*Problem statement*: Exactly the lines below from the line with "from top: During" through the line with "amitakaly JUDITH RIPKA TWO" must make up the answer, both ends included and pictures left out.

*Material to process*:
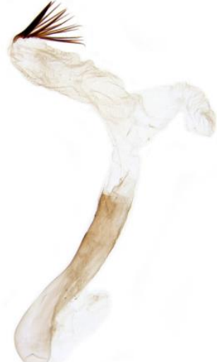
300 Mythimna l-album (L-album Wainscot)
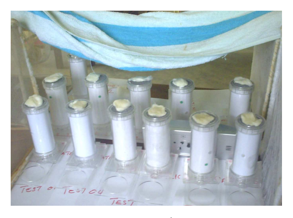
Figure 3: Our 24-hour holding process on 21^{st} - 22^{nd} October 2009.
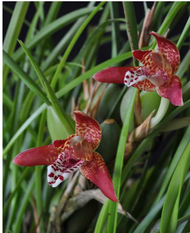
Maxillaria tenuifolia , photo by Zoe Groeneveld
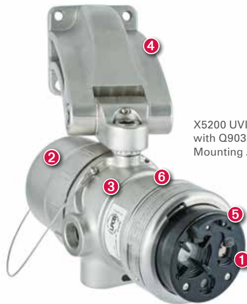
X5200 UVIR Flame Detector with Q9033B Stainless Steel Mounting Arm
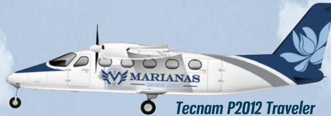
Tecnam P2012 Traveler
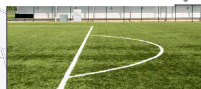
3 Hectares active open space
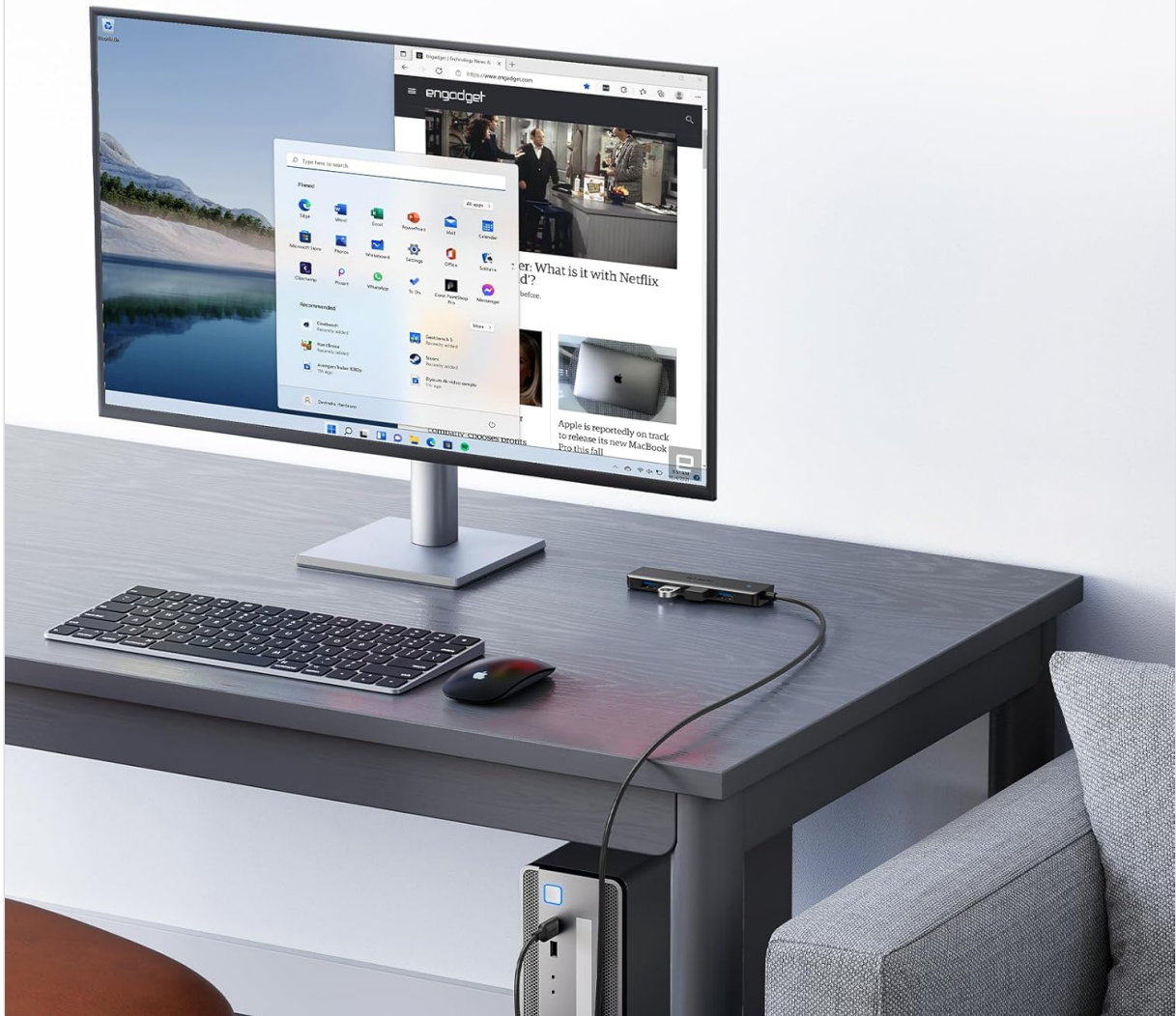
Image 5: Hub in a Desktop Environment. This image shows the hub in use with a desktop computer, illustrating the practical application of its 2-foot cable for convenient placement on a desk.
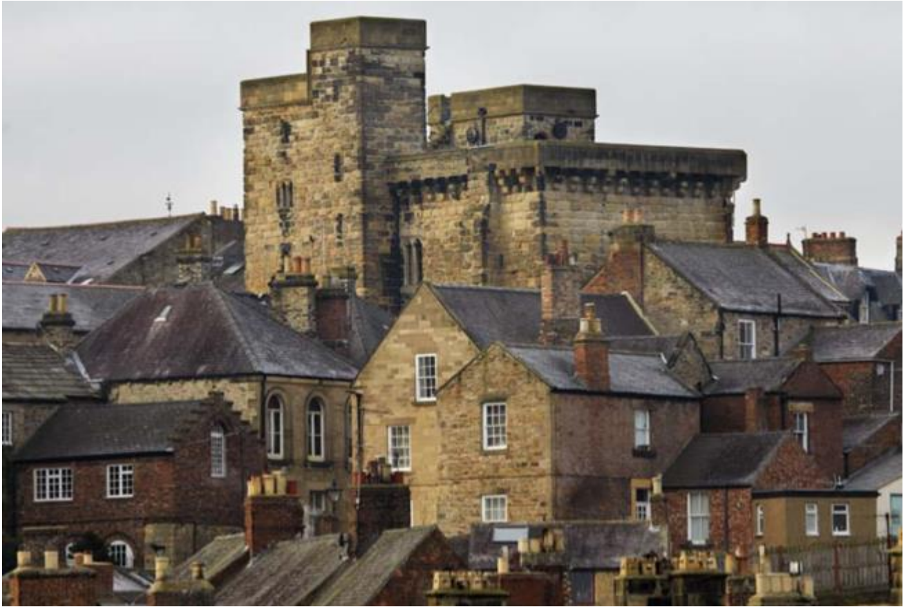
Figure 2: Hexham's roofscape as seen from the Wentworth Car Park
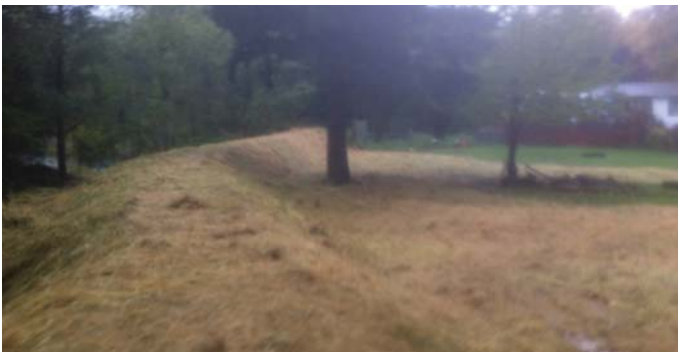
from top: During construction; Immediately after the levee was completed

The Nehalem River in northwest Oregon is host to abundant salmonids. This wild river continues to behave like a typical coastal rainforest river, as it frequently accesses its floodplain. Columbia County Soil and Water Conservation District (SWCD), working in coordination with the Oregon
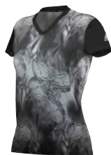
AX6000 deliv.06/16 re
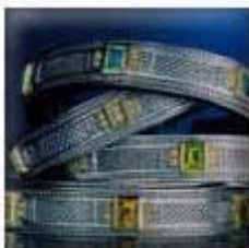
amitakaly JUDITH RIPKA TWO

Higashi Pearls invites you to "shop for the cure" with an exclusive preview of Judith Ripka's new jewelry collection. From August 16 through the 18, 10% of all purchases will benefit the PBCC. For more information, call Higashi Pearls at 717-303-0336.
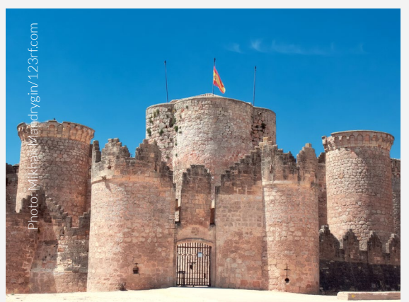
BELMONTE CASTLE CUENCA

Mota Castle in Valladolid, Loarre Castle in Huesca, Almodóvar del Río Castle in Córdoba... There are incredible castles scattered all over the Spanish mainland. Just ask in any tourist office, each autonomous region has its own route.
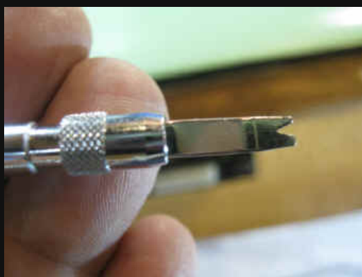
WIDE V EASY TO REMOVE LEATHER CLOTH ETC STRAPS

*Exercise answer*:
from top: During construction; Immediately after the levee was completed

The Nehalem River in northwest Oregon is host to abundant salmonids. This wild river continues to behave like a typical coastal rainforest river, as it frequently accesses its floodplain. Columbia County Soil and Water Conservation District (SWCD), working in coordination with the Oregon
AX6000 deliv.06/16 re
amitakaly JUDITH RIPKA TWO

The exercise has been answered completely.